--- Source material ---
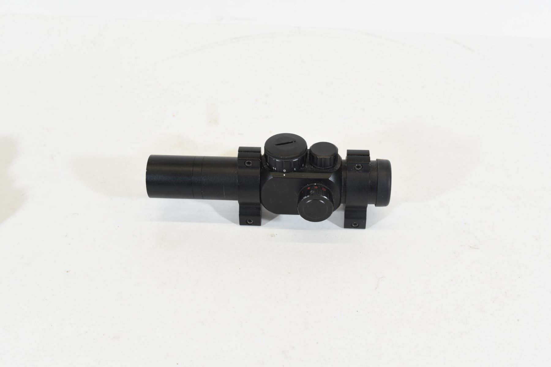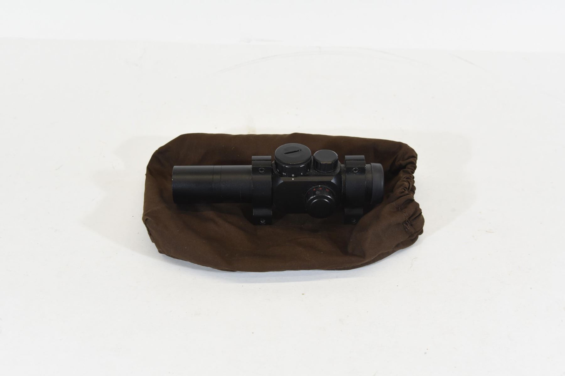 1 x 28. Has choice of large or small dot, cross hairs or circle. Good working condition. Comes with rings.
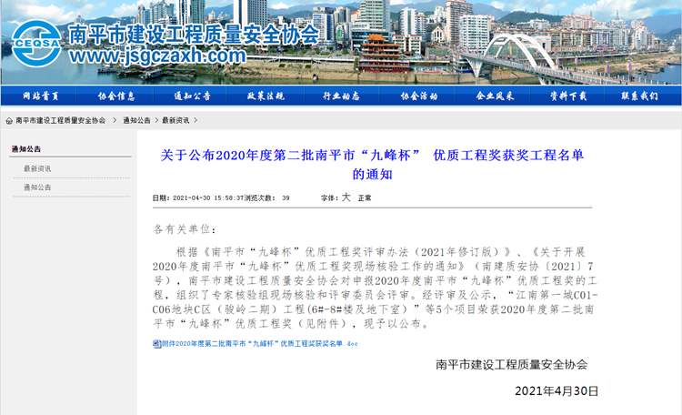 4月30日,南平市建設(shè)工程質(zhì)量安全協(xié)會(huì)公布了2020年度第二批南平市“九峰杯”優(yōu)質(zhì)工程獎(jiǎng),由安徽三建公司承建的南平駿嶺二期項(xiàng)目、駿嶺三期項(xiàng)目榜上有名,喜獲“九峰杯”優(yōu)質(zhì)工程獎(jiǎng),該獎(jiǎng)項(xiàng)是南平市建設(shè)工程最高獎(jiǎng)項(xiàng)。
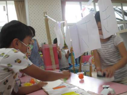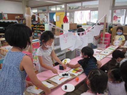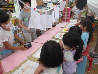 うさぎ組では、先月からお寿司屋さんの開店に向け、5人で力を合わせて準備を進めてきました。先日、ようやく開店し、この日は、たんぽぽ、ひまわり組の友達や園長先生を招待しました。いざ、招待してみると...お客さんから、たくさんの注文を受け、驚く子供たちでしたが「少々、お待ちください」「いくらとマグロ渡してくれる」と協力しながら、お店を切り盛りしていましたよ。
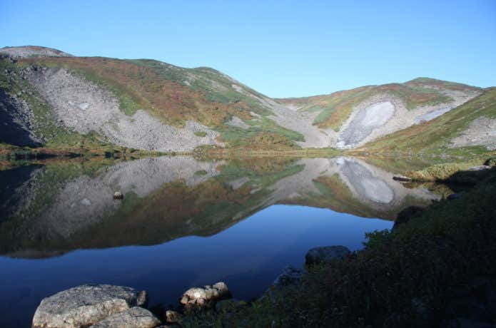 池がある場所は窪地である場合が多く、そこには水も石も集まって来ます。テントを張る前に、水の流れたあとや水たまりの形跡、斜面を転がって来たであろう石など、よくまわりを観察して安全な場所を選ぶようにしましょう。
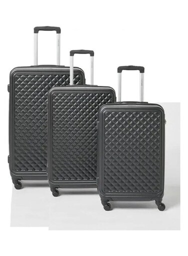 Partner 3-Piece Textured Checkered Luggage Trolley Set, Black
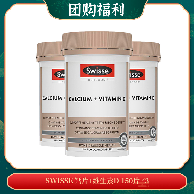 【11.21团购福利】SWISSE 钙片+维生素D 150片 *3..

--- Task instructions ---
Put each line of the listing above into the copy exactly, dropping the pictures.

--- Answer box ---
 1 x 28. Has choice of large or small dot, cross hairs or circle. Good working condition. Comes with rings.
 4月30日,南平市建設(shè)工程質(zhì)量安全協(xié)會(huì)公布了2020年度第二批南平市“九峰杯”優(yōu)質(zhì)工程獎(jiǎng),由安徽三建公司承建的南平駿嶺二期項(xiàng)目、駿嶺三期項(xiàng)目榜上有名,喜獲“九峰杯”優(yōu)質(zhì)工程獎(jiǎng),該獎(jiǎng)項(xiàng)是南平市建設(shè)工程最高獎(jiǎng)項(xiàng)。
 うさぎ組では、先月からお寿司屋さんの開店に向け、5人で力を合わせて準備を進めてきました。先日、ようやく開店し、この日は、たんぽぽ、ひまわり組の友達や園長先生を招待しました。いざ、招待してみると...お客さんから、たくさんの注文を受け、驚く子供たちでしたが「少々、お待ちください」「いくらとマグロ渡してくれる」と協力しながら、お店を切り盛りしていましたよ。
 池がある場所は窪地である場合が多く、そこには水も石も集まって来ます。テントを張る前に、水の流れたあとや水たまりの形跡、斜面を転がって来たであろう石など、よくまわりを観察して安全な場所を選ぶようにしましょう。
 Partner 3-Piece Textured Checkered Luggage Trolley Set, Black
 【11.21团购福利】SWISSE 钙片+维生素D 150片 *3..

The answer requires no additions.